The Cyril Potter College of Education (CPCE) made history when it graduated its first batch of teachers under its Associate Degree in Education (ADE) programme.
Of the 862 teachers who graduated on December 18 in the institution’s 78th Convocation exercise at the National Cultural Centre (NCC), 197 graduated with the ADE and will each receive a laptop. The remaining 665 completed the Trained Teacher’s Certificate Programme. Of the 862 graduates, 103 were males, a release from the Government Information Agency (GINA) said.
The ADE programme was introduced under the comprehensive US$5.12M Guyana Improvement Teacher Education Project (GITEP) initiated by the Ministry of Education with funding from the World Bank. The project’s objective is to improve the learning achievement of Guyana’s school children by improving the effectiveness and efficiency in the delivery of teacher education at CPCE and at the University of Guyana.
The ADE Programme reduces the time spent acquiring a degree in education. The programme allows teachers to obtain an education degree in five years instead of the usual nine years.
GINA said that Prime Minister Samuel Hinds, Minister of Culture, Youth and Sport and acting Minister of Education Dr. Frank Anthony, Chief Education Officer (CEO) Olato Sam and Opposition Leader David Granger attended the graduation.
Minister Anthony, in delivering the feature address, reminded that government investments have included the teachers since programmes such as the GITEP were implemented and government had formulated an Education Strategic Plan (ESP) 2008-2013 with the primary goal of achieving at least 70 percent of teachers trained by 2013, GINA said.

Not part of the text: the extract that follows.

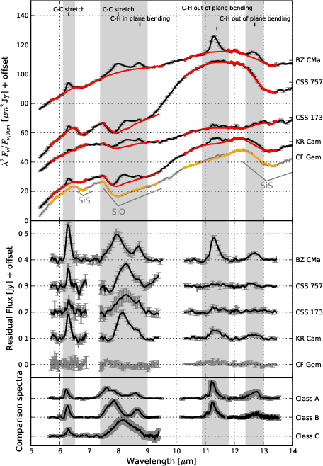 cubic splines for the 6.2 and 11.2 m features and comparison stars for the 7.9-8.6

Anthony underscored the key role that teachers play in moulding children and also urged that as the teachers go forward that they focus on the quality of education they put into the system as this determines what comes out. He said, “we can have all the infrastructure, but if we don’t have the teachers going into the class rooms, ensuring that they are teaching the curriculum and that the management of our schools are not supervising properly to see that we are able to obtain the objective that we set, then we will not be able to improve the quality of our education.” He said that the country will either succeed or fail depending on attainment in the area of education.
A release from the Office of Opposition Leader Granger said he told the graduates that they needed higher stipends and laptop computers to enable them to deliver a ‘first-rate’ education to Guyanese children.
Granger referred to the dramatic advances in science, communications, technology and engineering which have taken place in the world since Robert Cyril Gladstone Potter – after whom the College was named -graduated from the Mico Teachers’ Training College in Jamaica in 1920.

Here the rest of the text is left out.